RECORDS SUPPLIED >>
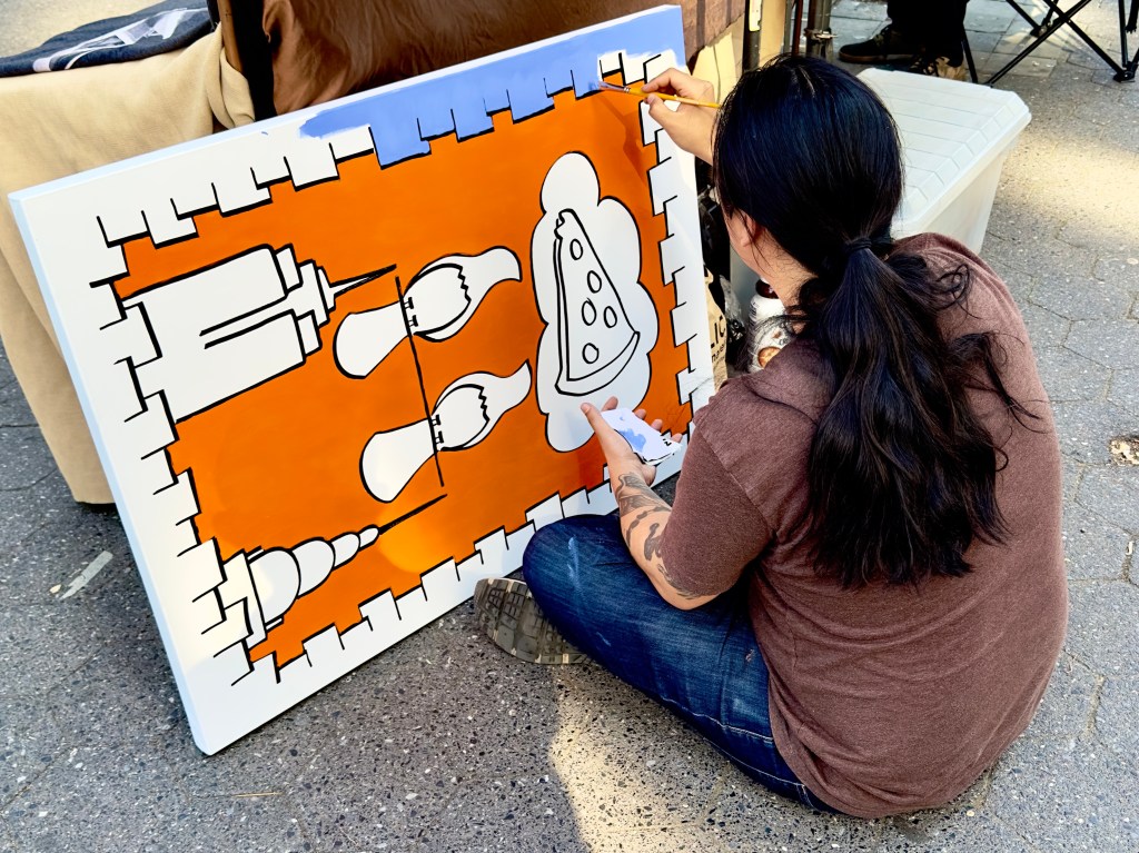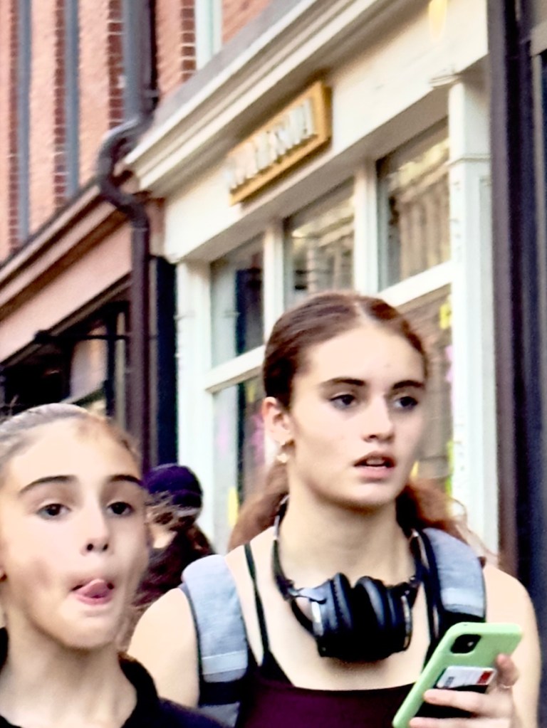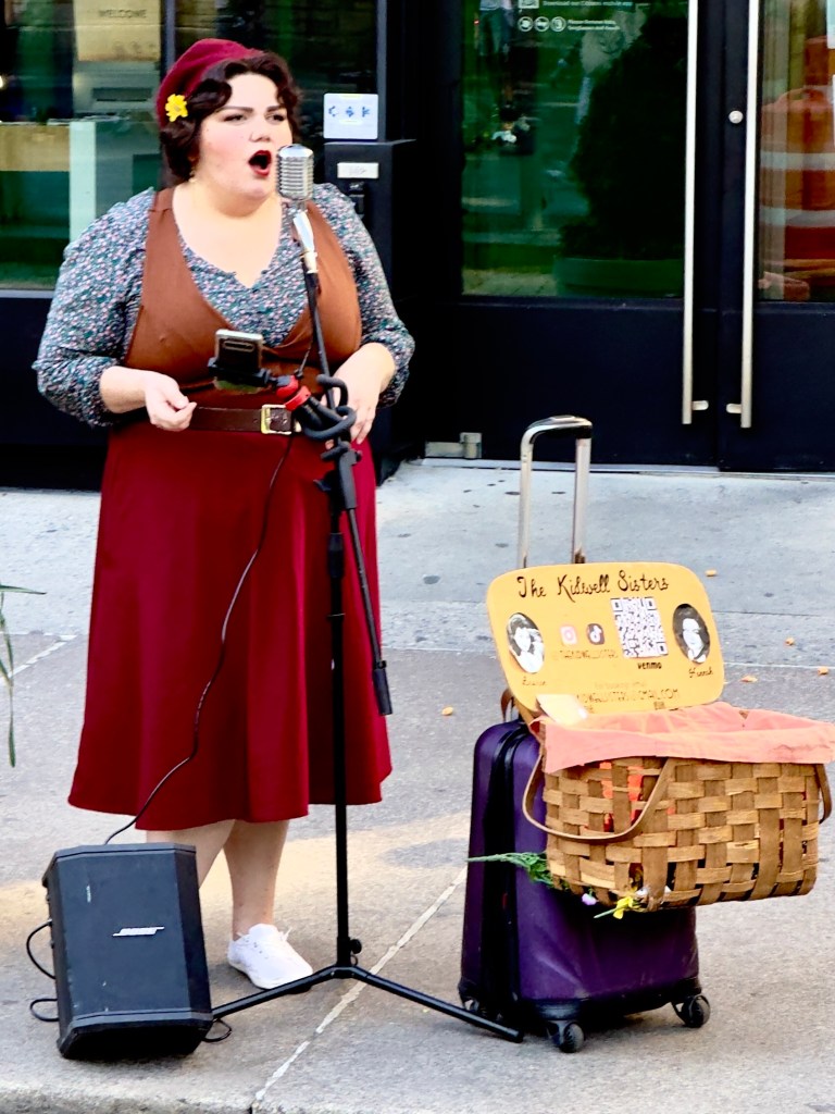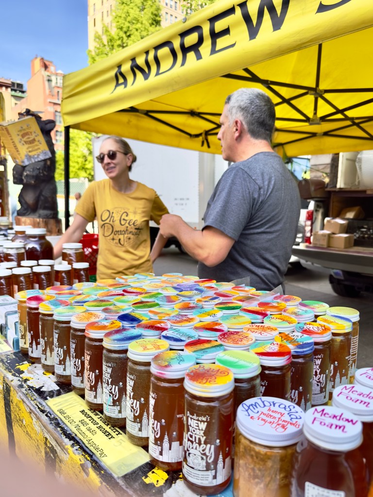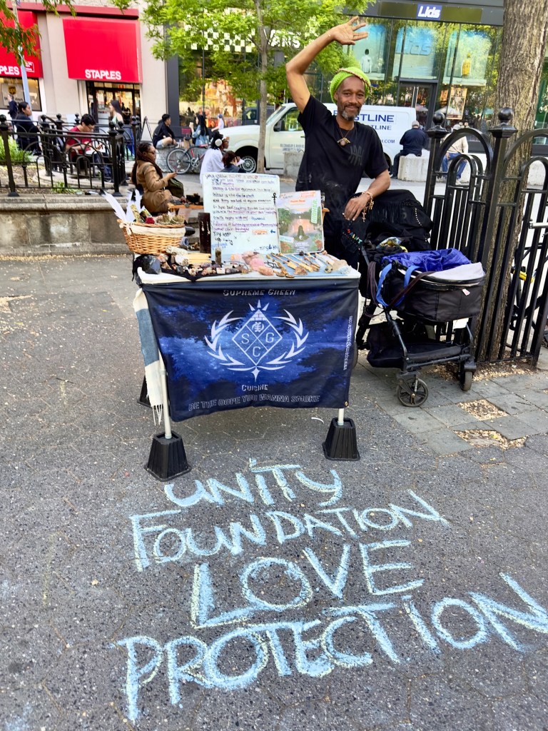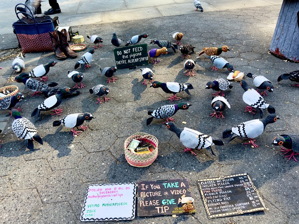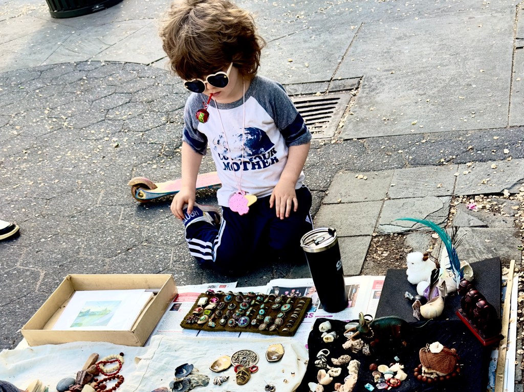But that was only half the day. By the time I got back to Penn Station I was worn out. Susie met me and we walked to Union Square. There were fold out yellow metal tables and chairs all around Union Square for people to sit at during the late afternoon and vendors of all kinds selling stuff around the park and a band. For two hours we sat there and watched people walking by.
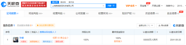 股东信息显示,该公司由陈睿全资持股。
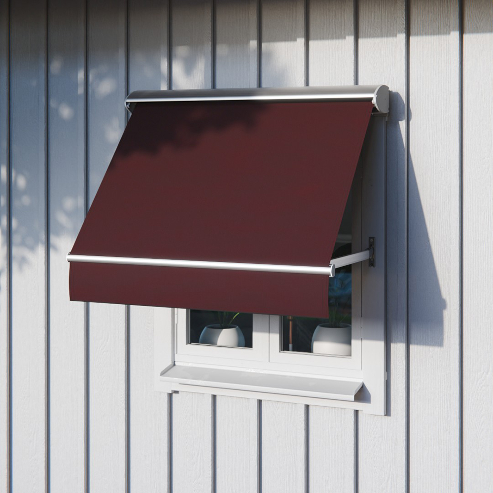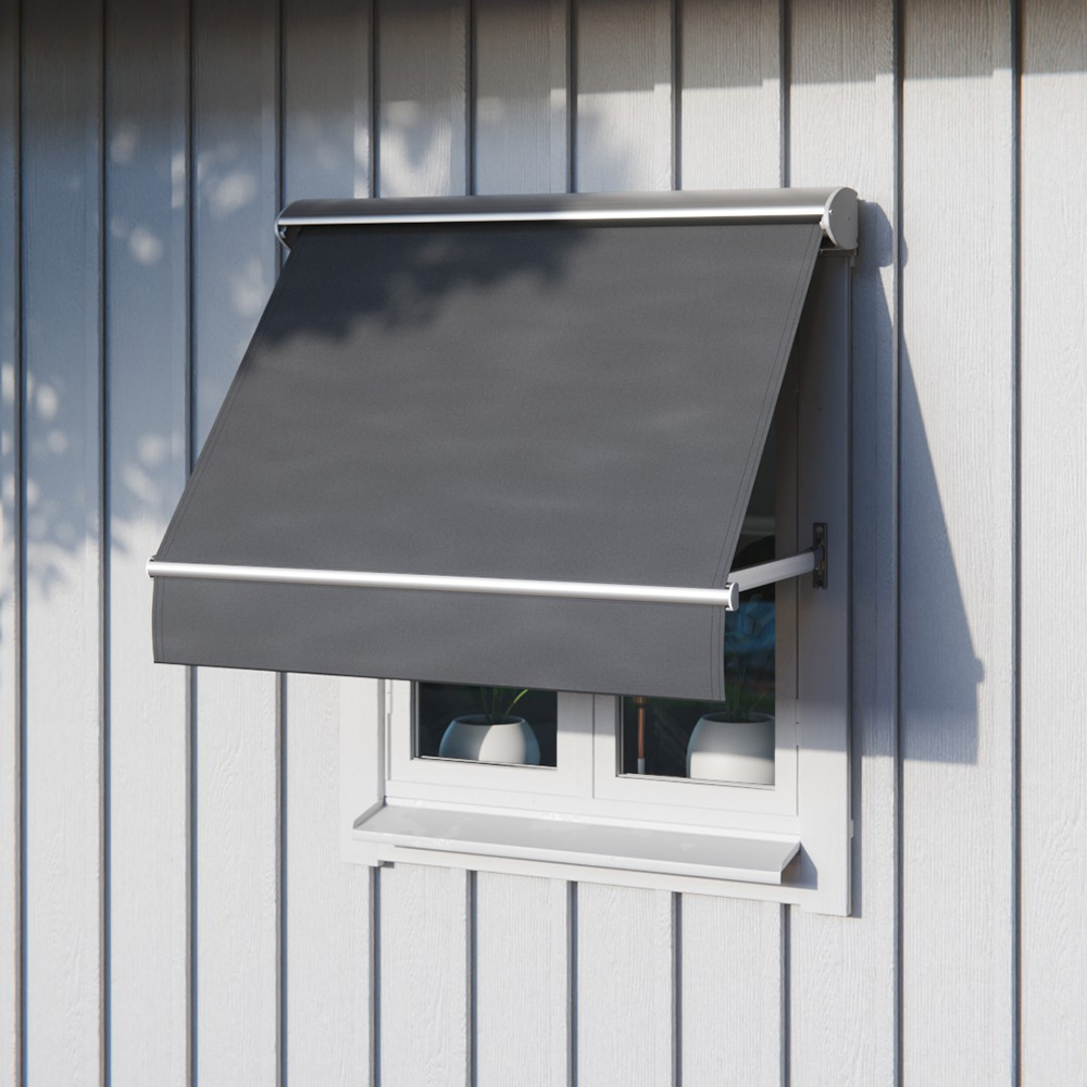 Granat 101 fönstermarkis har ett enfärgat ljusgrått tyg som passar de flesta husfasader. Behaglig skugga med en fönstermarkis av hög kvalitet.
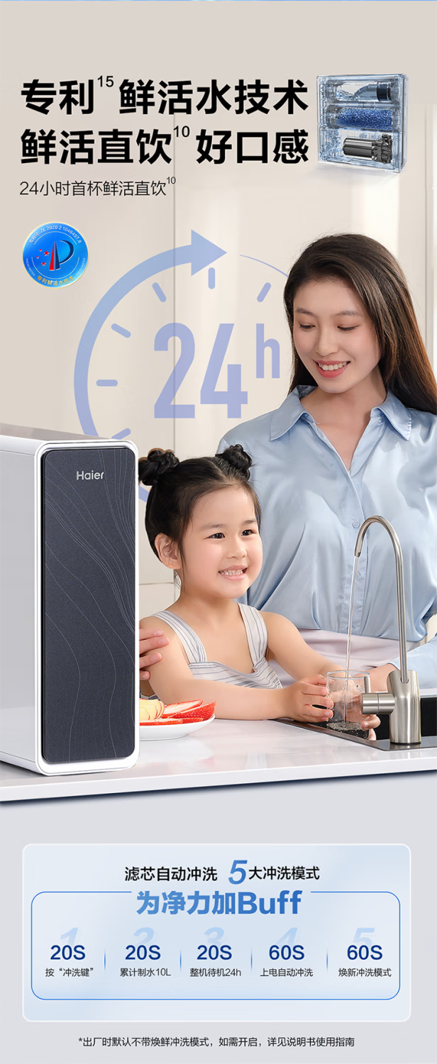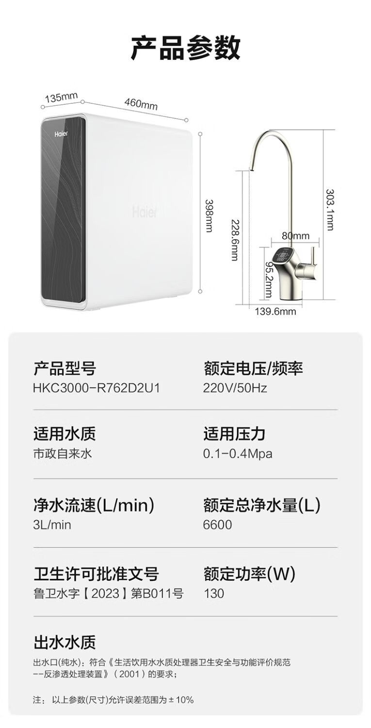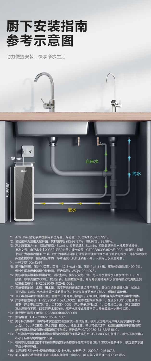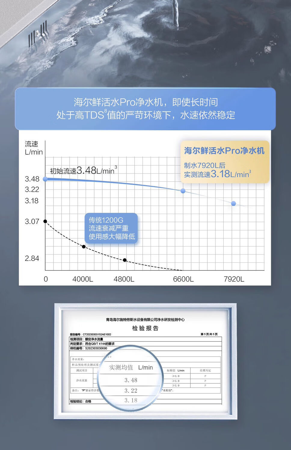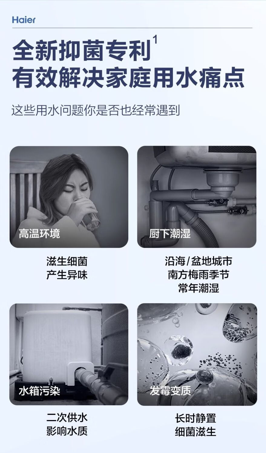 海尔净水器鲜活水PRO家用直饮过滤器厨下式RO反渗透净水机 HKC3000-R762D2U1【1200G】
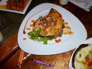 Okay, back to that food. Very, very good. The photo above was taken solely because I have never seen a quesadilla quite that beautiful. All of the dishes were that well thought out, not just the aesthetics but the flavor, too! I have to give Chef Jeff Richard snaps for putting as much care into the appetizers as he does to the Sea Bass special (incredible!) and the Kobe Top Sirloin (also, incredible!). The kitchen at the OSC continued to turn out consistently beautiful, flavorful, well cooked dishes to our large party. If you stop in I would definitely give the Sweet and Sour Calamari and Pepperjack Queso Fundito (made with crab meat!) a try. Our adorable waitress knew absolutely everything about the menu (including the rather elaborate Specials), was happy to recommend a good wine, keep our glasses filled and stayed close without hovering. Also, the children’s meals were really good. I can get a little rumpled if I have to pay for dinner out and still go home and feed my kiddos because they didn’t get enough to eat or didn’t care for the greasy, bland chicken nuggets that usually grace the Kid’s Menu. Well, no problem here, both meals were prepared with the same attention all the other dishes received, with plenty of fresh made fries on the side, Yeah, Baby!
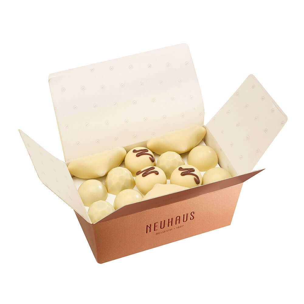 biala czekolada (cukier, tluszcz kakaowy, pelne MLEKO w proszku, emulgator: lecytyna SOJOWA, aromaty), cukier, ORZECHY LASKOWE, masło (MLEKO), miazga kakaowa, tluszcz kakaowy, pelne MLEKO w proszku, syrop glukozowy, maka ryzowa, woda, stabilizator: sorbitole z pszenicy, ORZECHY PEKAN, kawa, aromaty, emulgator: lecytyna SOJOWA; MASLO KLAROWANE (MLEKO), MIGDALY, stabilizator: glicerol z nasion rzepaku, stabilizator: sorbitole kukurydziane, sol, wanilia, syrop cukru inwertowanego, kwas: kwas cytrynowy; cukier karmelizowany.
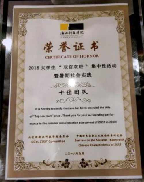 红色起航社会实践团队以总成绩第六的成绩获评浙江科技学院2018大学生“双百双进”集中性活动暨暑期社会实践十佳团队。

WHAT IS REQUIRED >>
Although pictures appear among the entries, please set down only the lines from the one with "Granat 101 fönstermarkis" up to and including the one with "Okay, back to", word for word.

REPLY >>
 Granat 101 fönstermarkis har ett enfärgat ljusgrått tyg som passar de flesta husfasader. Behaglig skugga med en fönstermarkis av hög kvalitet.
 海尔净水器鲜活水PRO家用直饮过滤器厨下式RO反渗透净水机 HKC3000-R762D2U1【1200G】
 Okay, back to that food. Very, very good. The photo above was taken solely because I have never seen a quesadilla quite that beautiful. All of the dishes were that well thought out, not just the aesthetics but the flavor, too! I have to give Chef Jeff Richard snaps for putting as much care into the appetizers as he does to the Sea Bass special (incredible!) and the Kobe Top Sirloin (also, incredible!). The kitchen at the OSC continued to turn out consistently beautiful, flavorful, well cooked dishes to our large party. If you stop in I would definitely give the Sweet and Sour Calamari and Pepperjack Queso Fundito (made with crab meat!) a try. Our adorable waitress knew absolutely everything about the menu (including the rather elaborate Specials), was happy to recommend a good wine, keep our glasses filled and stayed close without hovering. Also, the children’s meals were really good. I can get a little rumpled if I have to pay for dinner out and still go home and feed my kiddos because they didn’t get enough to eat or didn’t care for the greasy, bland chicken nuggets that usually grace the Kid’s Menu. Well, no problem here, both meals were prepared with the same attention all the other dishes received, with plenty of fresh made fries on the side, Yeah, Baby!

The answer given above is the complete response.